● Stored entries
------------------------------------------------------------------------
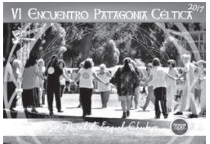
Patagonia Céltica 2017.

Durante el jueves 2 de marzo, los artistas extranjeros recorrerán la Ruta de los Galeses que une Puerto Madryn con Trevelin, reviviendo la histórica travesía que hicieron los pioneros, acompañados por los integrantes de los grupos de danzas de Puerto Madryn y Trelew y guiados para que comprendan el contexto en el cual se hicieron los primeros viajes a finales del siglo pasado. Se harán paradas para fotografiar lugares de interés como Las Plumas, Los Altares, Rocky Trip y otros.
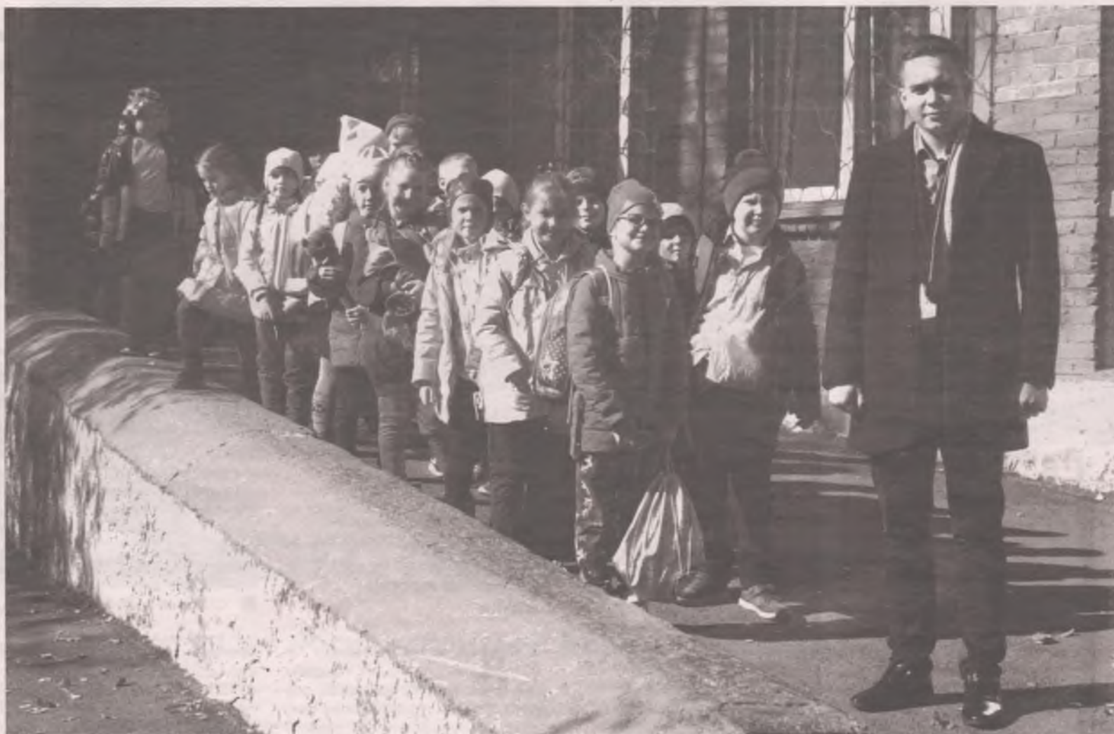
■ Первую учительницу часто называют второй мамой. Теперь от этого стереотипа пора отказаться.
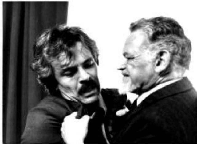
Gracias por el fuego (Sergio Renán – 1984)

Otro patriarca aparece en GRACIAS POR EL FUEGO (Sergio Renán-1984), basada en la novela homónima de Mario Benedetti de 1965. El texto literario, con técnica de narrador omnisciente, se ocupa de manera preferencial por la figura de Ramón, el hijo mayor de Eduardo Budiño. Esta familia, según la novela, pertenece a la alta burguesía uruguaya. Sin embargo, los guionistas Renán y Juan Carlos Gené optaron por no mencionar país alguno. Más aún: la película se rodó tanto en Montevideo como en Buenos Aires. Lo que se intentó fue presentar un prototipo de moderno caudillo latinoamericano. Benedetti otorgó a la novela un fuerte matiz político, pero esto se atenúa en el texto fílmico, ya que las alusiones a Estados Unidos desaparecen. Gené y Renán dieron preferencia a los conflictos familiares, en especial al fuerte desacuerdo afectivo entre padre e hijo.
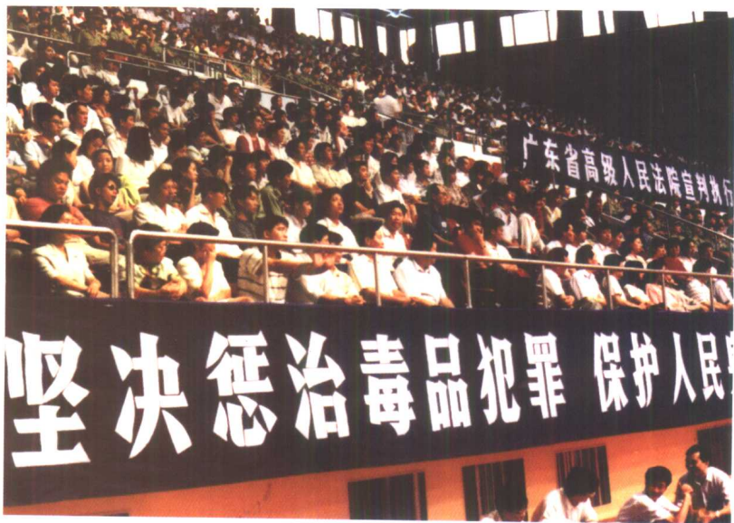
1996年8月15日，广东省高级人民法院召开宣判执行大会，对“9601”特大走私毒品案宣布终审裁定，7名毒犯被依法判处死刑。
------------------------------------------------------------------------
● About this exercise
The expected output is an exact copy of the lines from the top of the data above through the line containing "Gracias por el fuego (Sergio Renán – 1984)", both included, with every picture omitted.

● Output below
Patagonia Céltica 2017.

Durante el jueves 2 de marzo, los artistas extranjeros recorrerán la Ruta de los Galeses que une Puerto Madryn con Trevelin, reviviendo la histórica travesía que hicieron los pioneros, acompañados por los integrantes de los grupos de danzas de Puerto Madryn y Trelew y guiados para que comprendan el contexto en el cual se hicieron los primeros viajes a finales del siglo pasado. Se harán paradas para fotografiar lugares de interés como Las Plumas, Los Altares, Rocky Trip y otros.
■ Первую учительницу часто называют второй мамой. Теперь от этого стереотипа пора отказаться.
Gracias por el fuego (Sergio Renán – 1984)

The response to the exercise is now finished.